1-(4-Fluorphenyl)-5-(pyrimidin-5-yl)-1H-indol (24i)

¹H-NMR (CDCl₃): δ 6,77 (d, J = 3,0 Hz, 1H), 7,20–7,30 (m, 2H), 7,22 (d, J = 3,5 Hz, 1H), 7,42 (dd, J = 8,5 Hz, 1H), 7,45–7,49 (m, 2H), 7,57 (d, J = 8,5 Hz, 1H), 7,89 (s, 1H), 9,01 (s, 2H), 9,18 (s, 1H). MS m/z (%): 290 (MH⁺, 18).

1-(4-Fluorphenyl)-5-(pyridin-4-yl)-1H-indol (24j)
Beispiel 25
1-(4-Fluorphenyl)-5-(trimethylstannyl)-1H-indol (25a)
1-(4-Fluorphenyl)-5-Brom-1H-indol (5 g, 17,2 mmol) in THF (20 ml) wurde während 3 Minuten zu einer Lösung aus n-BuLi (1,6 M, 26 mmol) in THF (200 ml) bei –78°C gegeben. Die Lösung wurde für 4 Minuten bei –78°C vor der Zugabe von Trimethylstannylchlorid (10 g, 50 mmol) in THF (10 ml) gerührt. Die Reaktionsmischung wurde auf Raumtemperatur erwärmen gelassen und für 1 h gerührt. Nach Verdampfen des Lösungsmittels wurde das Rohprodukt durch Flash-Chromatographie gereinigt (EtOAC/Heptan 5/100).

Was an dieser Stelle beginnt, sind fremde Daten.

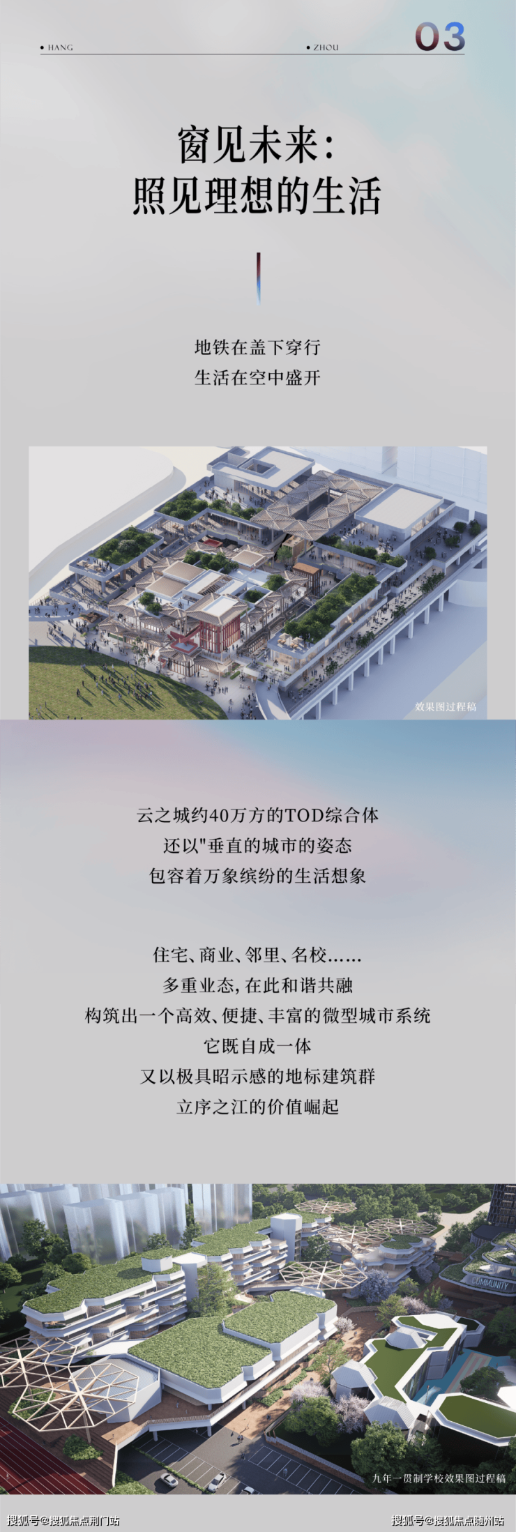 而云之城,正是这一蓝图中的“皇冠明珠”。作为之江科创城核心区的首发巨作,项目以约40万方TOD综合体体量,聚合住宅、商业、公园、学校等多元业态,重新定义“站城人一体”的TOD都市范式。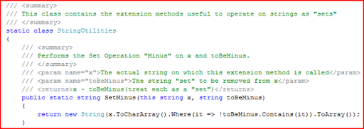 Note that the class is static and the method is static. Another point to note that the first parameter is marked as "this string" meaning we wish to make SetMinus() as an extension method to the string class. After this, we could use SetMinus() as shown below.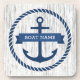 Astillas con un ancla náutica azul oscuro, rodeadas por un borde de cuerda sobre un fondo gris claro de madera de deriva. A lo largo del ancla hay una cinta azul con un campo de plantilla para el nombre del barco u otro texto personalizado.

Ausbeute: 3,6 g, Smp. 61–63°C (EtOAc/Heptan).
¹H-NMR (CDCl₃): δ 0,32 (s + d + d, 9H), 6,50 (d, 1H), 7,10–7,35 (m, 4H), 7,40–7,50 (m, 3H), 7,82 (s + d + d, 1H).
Beispiel 26
1-(4-Fluorphenyl)-5-(1-methyl-1H-pyrazol-3-yl)-1H-indol (26a)
1-(4-Fluorphenyl)-5-(trimethylstannyl)-1H-indol (1 g, 2,7 mmol), Pd(PPh3)4 (62 mg, 0,05 mmol) und 3-Iod-1-methylpyrazol (0,6 g, 2,9 mmol) wurden in trockenem DMF (30 ml) gelöst und für 2 h bei 100°C gerührt. Die Reaktion wunde mit Wasser gelöscht und mit Ethylacetat extrahiert. Die vereinigten organischen Phasen wurden mit gesättigtem CaCl₂ gewaschen, getrocknet (MgSO₄), filtriert und das Lösungsmittel im Vakuum verdampft. Das Produkt wurde durch Flash-Chromatographie gereinigt (THF/Heptan/MeOH 20/70/10).
Ausbeute 400 mg. ¹H-NMR wie oben.
Das folgende Derivat wurde entsprechend hergestellt:
1-(4-Fluorphenyl)-5-(1-methyl-1H-pyrazol-4-yl)-1H-indol (26b)
Ausbeute 360 mg. ¹H-NMR wie oben.
Beispiel 27
1-[2-[4-[1-(4-Fluorphenyl)-5-(1,2,3-triazol-4-yl)-1H-indol-3-yl]- 1,2,3,6-tetrahydropyridin-1-yl]ethyl]-2-imidazolidinon (27a)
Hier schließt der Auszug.